Le Musée national de N’Djamena a vibré, ce samedi 7 février, au rythme d’une cérémonie peu ordinaire : la présentation officielle de Guérir par la marche, le nouvel ouvrage de 98 pages signé Fizoune Richard, plus connu sous le nom de Mako Fiz, alias « le Chinois noir ». Maître tchadien des arts martiaux Shaolin et figure emblématique de la discipline sportive au Tchad, l’auteur y propose une véritable révolution dans notre manière d’envisager la marche.

Face à un public majoritairement composé de jeunes, d’artistes et de proches, l’événement s’est orchestré entre slam, interventions inspirantes et démonstration pratique. Le décor était planté : ce livre n’est pas un manuel sportif de plus, c’est un appel à repenser notre rapport au corps.

Avec cette image provocatrice, Mako Fiz bouscule les certitudes. Selon lui, ni la course effrénée ni la marche automatique ne garantissent une bonne santé. L’erreur se niche dans nos gestes quotidiens : une démarche déséquilibrée, un contact au sol mal maîtrisé, des postures bancales… autant de mécanismes inconscients qui, à la longue, génèrent douleurs, tensions et fatigue.

L’auteur parle même d’un « endormissement de la conscience », cause profonde de nombreux maux corporels.

Guérir par la marche détaille une approche progressive de la marche consciente, mêlant respiration, ancrage, lenteur contrôlée et mouvements fluides. L’objectif : réapprendre à marcher pour réaligner le corps, libérer les tensions et restaurer l’équilibre interne.

À contre-courant de la glorification de la vitesse, Mako Fiz met en avant la philosophie de la tortue : avancer lentement, mais juste. Une cadence posée qui devient, dans son enseignement, une véritable thérapie du mouvement.

Figure incontournable du kung-fu, du taïchi et du qigong au Tchad, Mako Fiz s’impose aujourd’hui comme un porte-voix pour le bien-être et la discipline personnelle. Précurseur dans un milieu où peu s’aventuraient sur la voie des arts martiaux, il a transformé sa passion en mission sociale.
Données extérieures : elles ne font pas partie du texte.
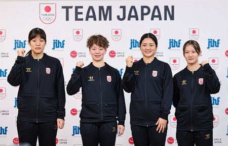 日本アイスホッケー連盟は25日、来年2月のミラノ・コルティナ五輪に臨む女子日本代表(スマイルジャパン)23人を発表した。写真は、代表に選ばれた(左から)浮田、小池、細山田、輪島=北海道苫小牧市 【時事通信社】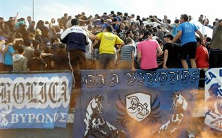 Αγριο ξύλο χθες στις εξέδρες του γηπέδου της Δόξας Βύρωνα που φιλοξενούσε το Αιγάλεω, με τους 300 περίπου οπαδούς των δύο ομάδων να τα σπάνε κανονικά και το ματς να μην τελειώνει φυσικά ποτέ.

Son message résonne particulièrement auprès d’une jeunesse en quête de repères, souvent confrontée au stress, aux incertitudes et au manque d’opportunités. À travers ses actions et son enseignement, il démontre que le sport n’est pas seulement performance physique : c’est un outil d’apaisement intérieur, de construction de soi et de résilience.

En définitive, Guérir par la marche est une invitation à ralentir pour mieux vivre. Mako Fiz y rappelle que la santé ne se joue pas dans l’accumulation d’efforts, mais dans la qualité du geste et dans la présence à soi. Une philosophie simple, mais profondément transformatrice, qui pourrait bien redonner à la marche ce geste universel et sa puissance oubliée.